KSMR (92.5 FM) is a non-commercial educational radio station broadcasting a Catholic radio format. Licensed to Winona, Minnesota, United States, it serves the Saint Mary's University campus and entire Winona area. It first began broadcasting under the call sign KSMW. The station is currently owned by Real Presence Radio.

History
The original name of the station was KSMW (signifying Saint Mary's Winona), and was started by Brother J. Raymond Long, FSC (a De La Salle Christian Brother) along with Brother Patrick Callahan and Dr. David O. Thomas.

These three men were instrumental in the development of KSMW/KSMR as the campus radio station for Saint Mary's University of Minnesota, then known as Saint Mary's College.  At the beginning, KSMW was basically a dead station, which could only be heard in certain areas on campus.

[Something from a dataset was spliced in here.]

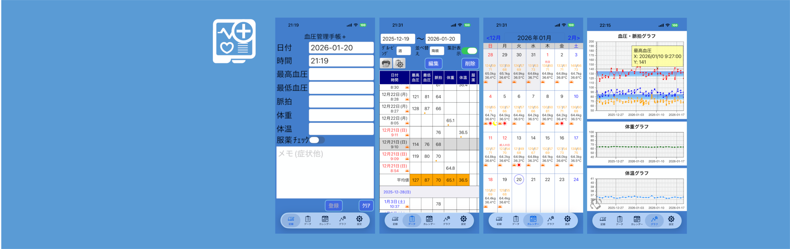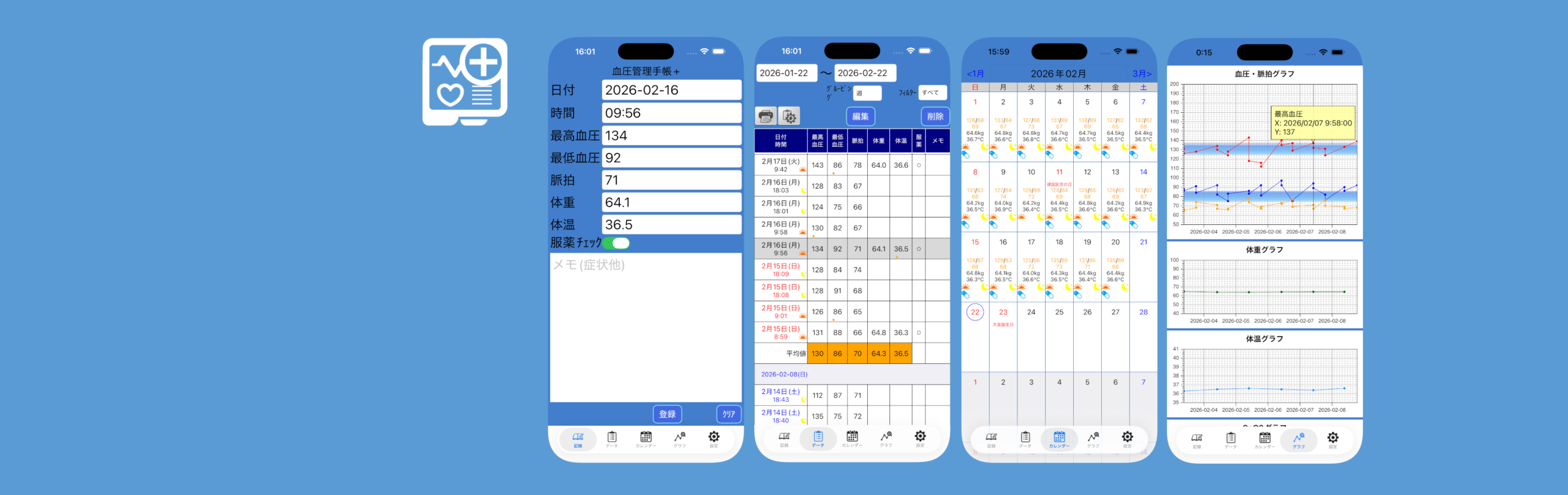 - 2024/7/9 血圧管理手帳LITE Android版(1.2.0) 公開
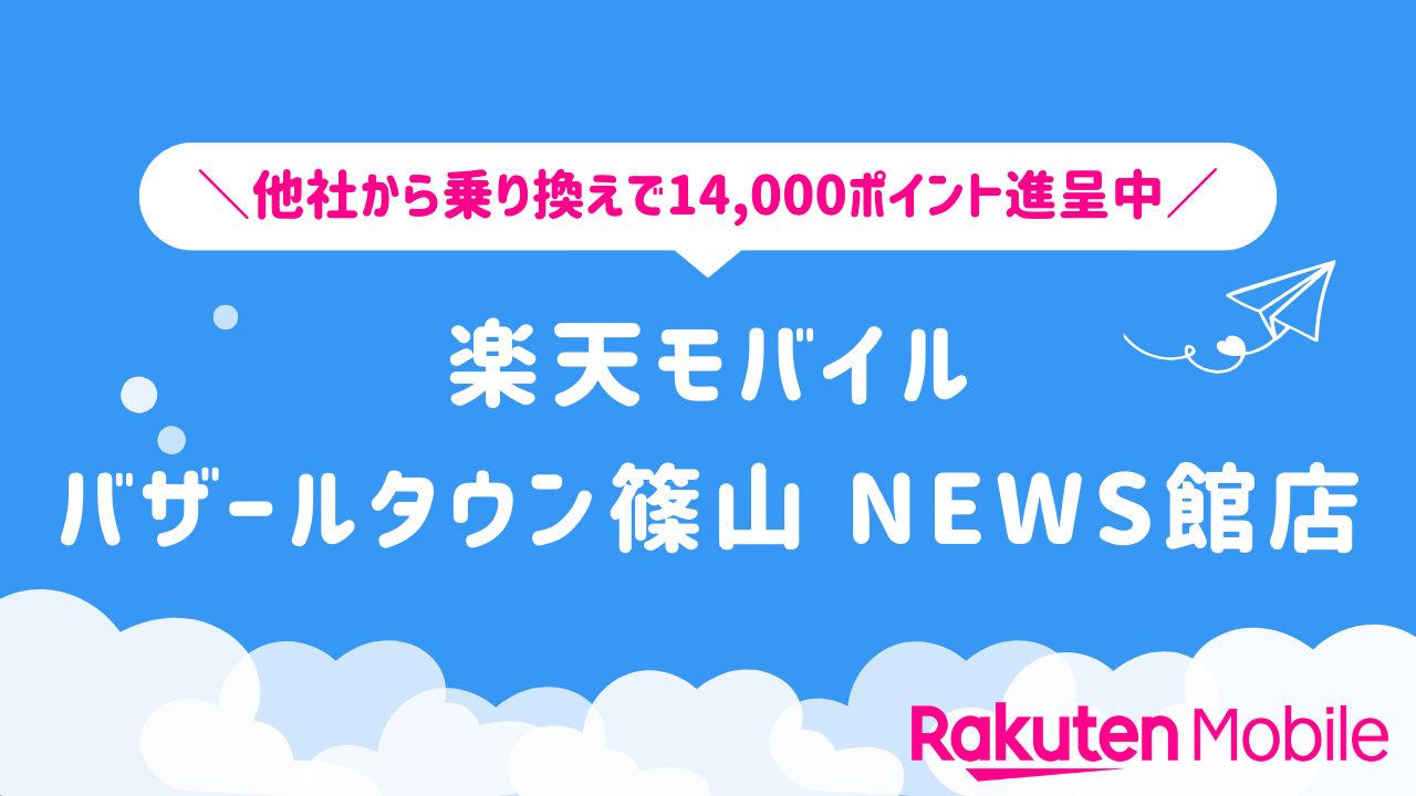 楽天モバイル バザールタウン篠山 NEWS館店 – 他社から乗り換えで14,000ポイント進呈中!

Then, after the building of a new studio in Heffron Hall, the first voice on the air from the new studio was Dave Filipczak; it was St. Patrick's Day in 1978.  Dave was also the first general manager.  KSMW changed its callsign to KSMR (signifying Saint Mary's Radio) and since at least 2001, the callsign KSMW has been used by Missouri State University, as a repeater in West Plains, MO for KSMU-FM (91.1 FM).

The longest running show on KSMR has been airing continually since January 2003. Originally titled "The Scott and Jeff Show" it starred business faculty Scott Deml and Jeff Hefel. This show ran for five consecutive years on Thursday afternoons from 3PM-5PM.  Well known campuswide for "corny bits" and poor production, the show did some nice charity work raising over $5000 for the local Habitat for Humanity by conducting frequent radio marathons.  Joe Dulak replaced Scott Deml at the end of the 2008 broadcasting year.

Jeff Hefel and Joe Dulak operated as "The Grumpy Old Man Show" for one year and since have titled their show as "The Black Hole of Radio. "  Derek Jackson signed on to act as a third DJ for the 2012-2013 season. Dr. Kyle Black joined the team in 2016. The Blackhole Radio Show is the #1 rated radio show during the 3-5pm hour, on Thursdays, of all licensed radio broadcasts originating from the campus of Saint Mary's.  The show is currently in its 16th season with no plans of slowing down.

KSMR recent history
KSMR was a digital station with a full digital archival of songs as well as electronic reporting methods. KSMR was a student run radio station located on the campus of Saint Mary's University of Minnesota campus in Winona, Minnesota. The KSMR studio was located in the lower-level of the Michael H. Toner Student Center in the center of the Saint Mary's campus.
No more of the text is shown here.